An on-going Pokemon map of San Francisco
Forget the open-world Pokémon console RPG with wild pocket monsters represented on-screen instead of in random encounters. Nintendo just went and leap frogged all of us by partnering with a mobile company to bring Pokémon into real life.
The pitch perfect announcement trailer belies our lack of knowledge with respect to how Pokémon Go will actually look and function as a real-life application, but it does capture the exploratory, simple-times wonder of walking around a world with fantastical potential pets that you don’t get arrested for keeping and they don’t keep scratching at the fucking carpet.
The “augmented reality” Pokémon Go uses location technology to give you Pokémon to catch based on things like geography. Lapras in the ocean, and all that. You can even stumble across wild battles between monsters, apparently.

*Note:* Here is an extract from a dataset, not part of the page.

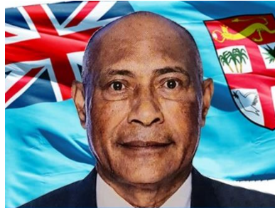
Hon. Viliame Naupoto Chairperson of the Standing Committee on Foreign Affairs and Defence

Pursuant to Standing Order 109(2)(e) the Standing Committee on Foreign Affairs and Defence is mandated to look into matters related to Fiji's relations with other countries, development aid, foreign direct investment, oversight of the military, and relations with multi-lateral organizations. The members of the Standing Committee on Foreign Affairs and Defence are as follows:

I’ve lived in San Francisco all my life which, I assume, isn’t the case for most of the people working at San Francisco-based Pokémon Go developer Niantic, so I’m definitely a leading authority and expert on which fictional creatures would inhabit certain areas. What started as a quick, fun Friday afternoon post has turned into a stupid, slightly more complicated project as I paste sprites onto a map. I may continue to update this and fill out all of San Francisco, probably when I get back from Tokyo.
Please chip in with local knowledge of your respective hoods.
I’ve lived a couple different places in Excelsior, including my current digs. You’ll find savvy Sneasels and Scythers scurrying through the fragrant wild fennel fenced off alongside the sloping freeway underpasses on your way up to the relative wilds of Glen Park. Murkrows dot power lines along Geneva and Mission.
Ekans occasionally slither down from their dry McLaren plains into the European-named streets below. The Meowths, too, will come down and brave the streets to swipe coins, while a more timid crew stays completely up in the hills. Exeggutors wander Mission freely while Machokes are hard at work.
Wandering Magnemites have been spotted in increasing numbers in this region. They are mostly nocturnal and drain the batteries of residents’ Teslas. Eevee, of course, are prized in Noe Valley, including its fashionable evolutions brought about by precious-gem-owning old money. Except Jolteon. Fuck Jolteon. Wandering Trubbish and Garbodor, abandoned in Dolores Park by transplants and tech assholes, have been spotted wandering into outlying regions such as Noe Valley, but only the latter employs underpaid Quagsire to wash the trash Pokemon downhill into the Mission.
San Francisco’s beaches are typically cold and free of the Southern California, bathing suit clad beaches people often associate with the state. The lesser known Fort Funston, south of the creatively named Ocean Beach, is a haven for owners of dog Pokémon like Growlithe and Arcanine, which are allowed to run freely amid the wild Sandshrews and Sandiles burrowed in the beach. The dogs are free to chase Wingull up and down, sniff the occasional washed up, dead Krabby, and sometimes roll around in Sealeo corpses, covering themselves in disgusting, rotting viscera.
Beware if you bring your smaller pup Pokémon as assholes nearby (the country club?) occasionally rise their Rapidashes down onto the beach, threatening the safety of all dogs in this typical haven. Plus they shit everywhere and do those prissy fucks get off their high horse to pick it up, like the responsible dog owners? Of course not.